Used in Agrochemicals:
In the agrochemical industry, 1-(4-Benzylamino-Phenyl)-Ethanone can be employed in the synthesis of new agrochemical products, such as pesticides and herbicides. Its unique properties allow for the development of more effective and targeted agrochemicals.
Used in Materials Science:
1-(4-Benzylamino-Phenyl)-Ethanone also has potential applications in materials science, where it can be used to create new materials with specific properties.

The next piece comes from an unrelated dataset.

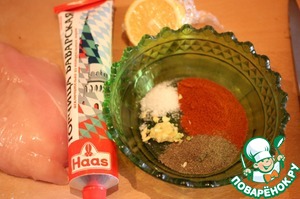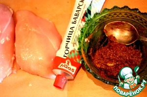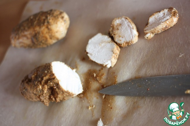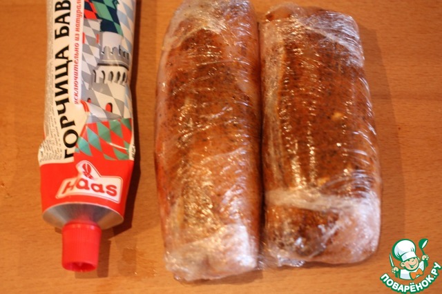 Обмазать филе и завернуть очень плотно в пищевую плёнку в несколько слоёв каждое филе так, чтобы не попадала вода, и не вытекал сок.
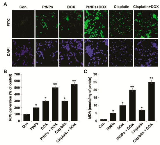 Figure 8. PtNPs and DOX induce ROS generation and lipid peroxidation in U2OS cells. U2OS cells were treated with PtNPs (10 μg/mL), DOX (1 μg/mL), CIS (5 μg/mL), or a combination of PtNPs (10 μg/mL) and DOX (1 μg/mL) or combination of DOX (1 μg/mL) and CIS (5 μg/mL) for 24 h. (A) ROS generation was measured using DCFH-DA-FITC with fluorescence microscopy. (B) Spectrophotometric ROS analysis was performed using DCFH-DA. (C) MDA concentrations were measured using a thiobarbituric acid-reactive substances assay and expressed as nanomoles per milliliter. Differences between the treated and control groups were measured using Student’s t-test and statistically significant differences are indicated by * (p < 0.05). The results are presented as mean ± standard deviation of three experiments. * p < 0.05 was considered significant; ** p < 0.01 was considered highly significant and *** p < 0.001 was considered very highly significant. Scale bar: 200 µm.

Its versatility and reactivity make it a valuable component in the development of advanced materials for various applications.

Upstream product

• 138469-36-0 1-(4-(benzylideneamino)phenyl)ethan-1-one 
• 99-92-3 p-aminobenzophenone 
• 108-88-3 toluene 
• 100-51-6 benzyl alcohol 
• 100-39-0 benzyl bromide 
• 622-30-0 N-benzyl hydroxylalmine 
• 149104-90-5 4-acetylphenylboronic acid 
• 403-42-9 1-(4-fluorophenyl)ethanone 
• 403-41-8 1-(4-Fluorophenyl)ethanol 
• 100-46-9 benzylamine 
• 100-52-7 benzaldehyde 
• 100-19-6 (4-nitrophenyl)ethanone 
• 538-51-2 benzylidene phenylamine 
• 99-91-2 para-chloroacetophenone 

Relevant academic research and scientific papers

METHOD FOR PREPARING BENZYL AMINE COMPOUND

Disclosed is a method for preparing a benzyl amine compound, i.e., synthesizing a benzyl amine compound by means of an oxidation reaction between a methylbenzene/ethylbenzene compound and arylamine by using an ionic iron (III) complex containing 1,3-di-tert-butylimidazolium cation and having a molecular formula of [(RNCHCHNR)CH][FeBr4] (R being tert-butyl) and di-t-butyl peroxide as an oxidant. The present invention is not only applicable to a methylbenzene compound containing a benzylic primary carbon-hydrogen bond but also applicable to an ethylbenzene compound containing a benzylic secondary carbon-hydrogen bond, and therefore is widely applicable. This is the first case where the preparation of a benzyl amine compound by means of an oxidation reaction between a methylbenzene/ethylbenzene compound and arylamine is implemented by an iron catalyst.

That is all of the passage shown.